Guest Essays, Letters to the Editor, Opinion

Education by eminent domain: Charter bill attacks local control

by Fred Albert

West Virginians have always gone our own way, always prizing local democracy over government bureaucracy. Nowhere is that more evident than with our neighborhood public schools. We want our communities, not Charleston, to have the strongest voice in decision-making for our children’s education.

That’s why it’s shocking to see state lawmakers override our communities’ right to a say how our neighborhood public schools work, through a reckless, destructive charter bill (House Bill 2012) that’s been rammed through the state Legislature and is now on the governor’s desk.

This bill is one of two (the other, HB 2013, is a wide-reaching voucher bill) that together would drain a half-billion a year from our public schools. That’s one-quarter of the total state education budget for our schools for fiscal year 2019-20.

Draining funding from our schools at a time when they need every penny is worrying enough. Equally troubling: The charter bill is a head-on attack on local control of our schools.

HB 2012 goes right around county boards of education to set up a state authorization board for charters. In other words, your elected county school board could consider and deny a charter school application, and this bill would let a new state bureaucracy say, “Nope, we’re putting a charter in your community anyway.”

In Monongalia County, the school board carefully reviewed and denied a charter school application in November 2020. If you live in Mon County and think that was the wrong decision, you have choices. You can democratically vote in new board members. You can organize community support to convince the board to change its mind. You can even run for school board yourself. But if

HB 2012 passes, decisions on charter schools in your county will be made by a state board that doesn’t know your community like you do and doesn’t answer to voters.

Anyone accountable to voters would look at the research, which shows that West Virginians aren’t up for major privatization experiments with our kids’ education. In an August 2019 West Virginia poll, voters preferred, by a margin of almost two to one, to improve the existing public school system rather than opt for an alternative like charter schools.

Likewise, for West Virginia’s Voice, a 2019 report about public education for which the state Department of Education captured public input from more than 20,000 West Virginians, 88% of participants in Voice-hosted public forums opposed public charter schools. Instead, these parents, students and community members wanted investment in proven strategies to help our schools, such as redesigning schools to embed social services, increasing student support personnel and giving teachers more resources to help them address the needs of students experiencing trauma.

The pandemic has left so many children experiencing higher rates of stress and trauma. We’re betting most parents don’t think their child’s school should be losing money and resources right now. A drastic charter expansion like this one, piled on top of a new state voucher program, would leave our schools struggling to do more than ever, with less than ever.

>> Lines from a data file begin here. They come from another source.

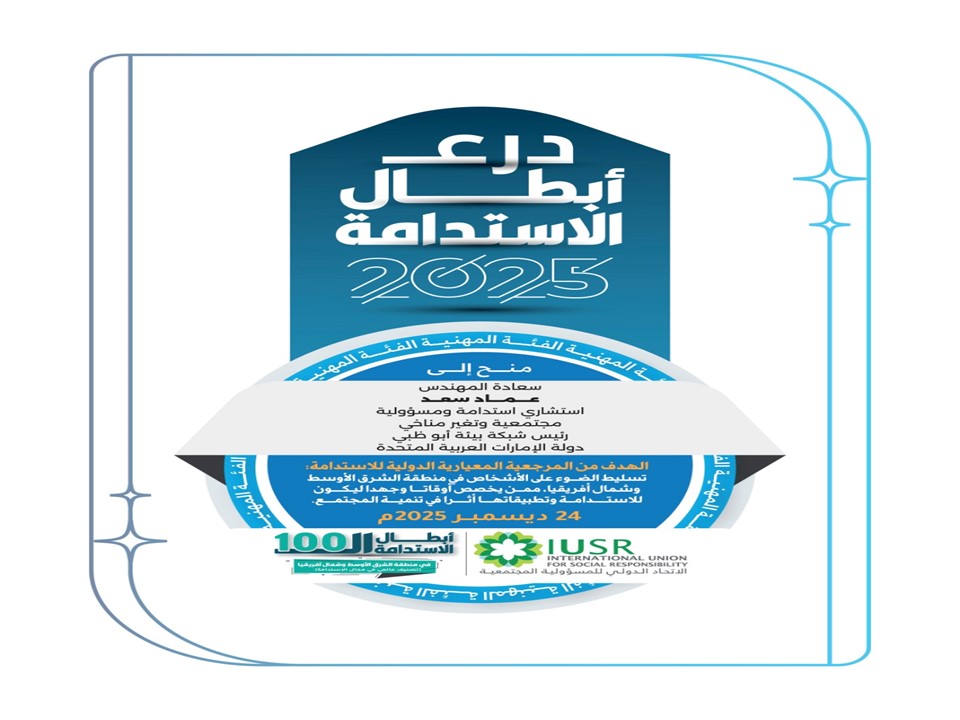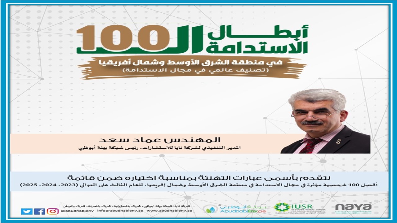 تحتفي شبكة بيئة أبوظبي اليوم بإنجاز عربي جديد، يتمثل في اختيار المهندس عماد سعد ضمن قائمة أبطال الاستدامة لعام 2025 في منطقة الشرق الأوسط وشمال إفريقيا، والتي يمنحها الاتحاد الدولي للمسؤولية المجتمعية، ويأتي هذا التكريم للعام الثالث على التوالي (2025 – 2024 – 2023)، في تأكيدٍ على دوره الريادي وتأثيره المستدام في قيادة الوعي البيئي والعمل المناخي في العالم العربي.
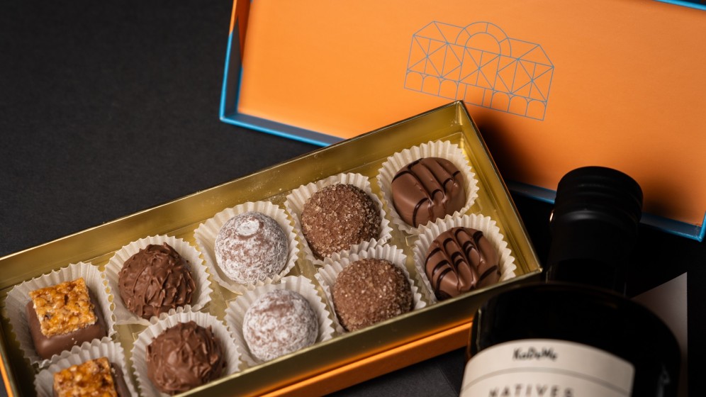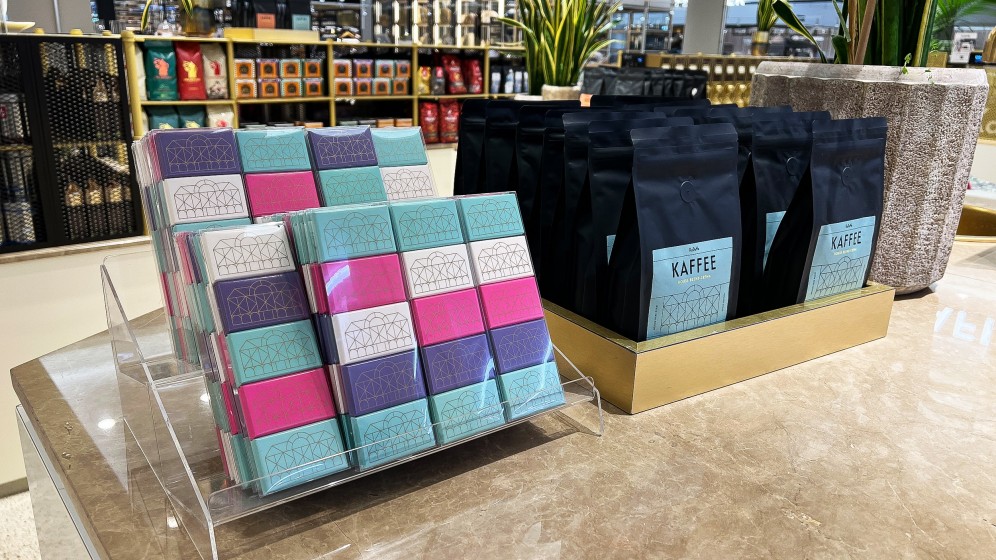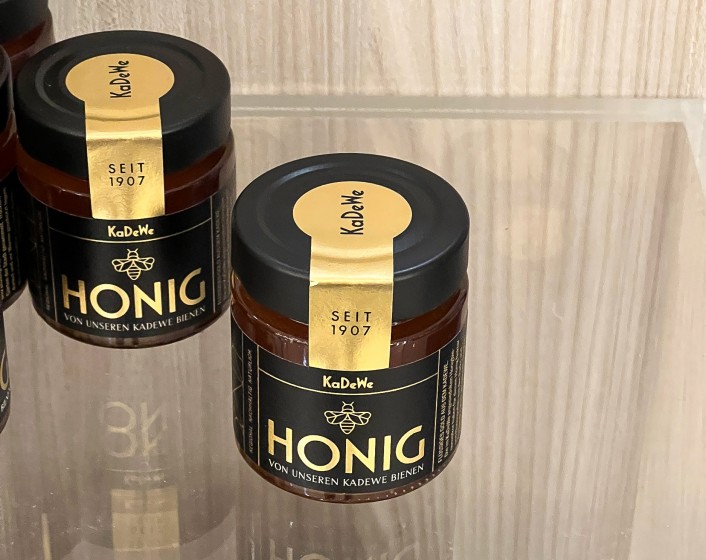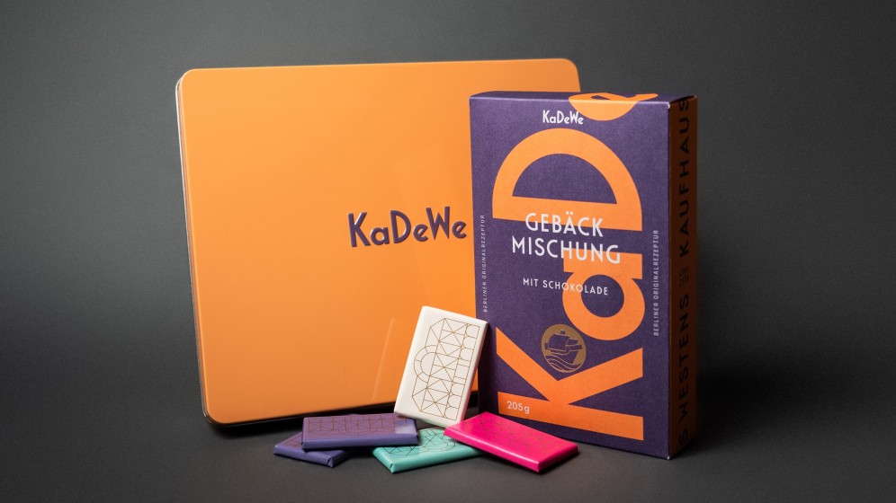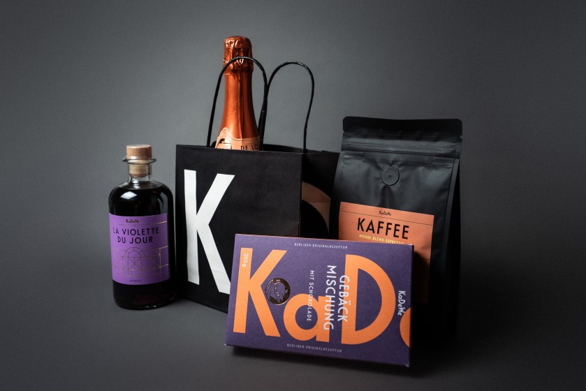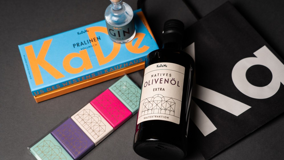 In 2023, KaDeWe asked me to pick up the thread from Studio Chapeaux’ design works for their own line of food products. I am pleased to report that I have successfully introduced a diverse range of products to the store. This includes elegantly packaged bonbons, truffles, crémant, rosé wine, prosecco, gummy bears, honey, olive oil, coffee, gin – with many more exciting additions on the horizon! You can discover these offerings throughout KaDeWe's cherished 6th floor.
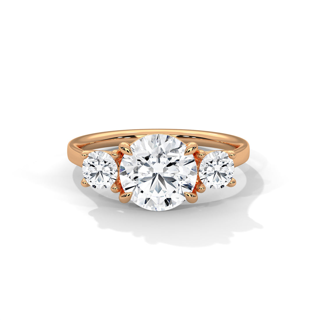 Three Stone Round Diamond Engagement Ring in Rose Gold – Classic Trilogy Diamond Ring with Side Stones

But to be clear, you could even be an ardent charter supporter and still oppose this bill on principle — because when the state decides to interfere in decisions like these, it’s a blow to local democracy. Having the state say how much your child’s school should suffer for a charter that the state itself plops down in your midst is like having the state decide to build a highway in your backyard to ease local traffic jams and tear down your house to make it happen.

We don’t need education by eminent domain in West Virginia. Our schools belong to us, not to politicians in Charleston. HB 2012 is an undemocratic power grab that Gov. Jim Justice should veto.

Fred Albert is the president of AFT-West Virginia, which represents over 10,000 teachers and school employees across the state, as well as public employees and employees in universities, colleges and community/junior colleges.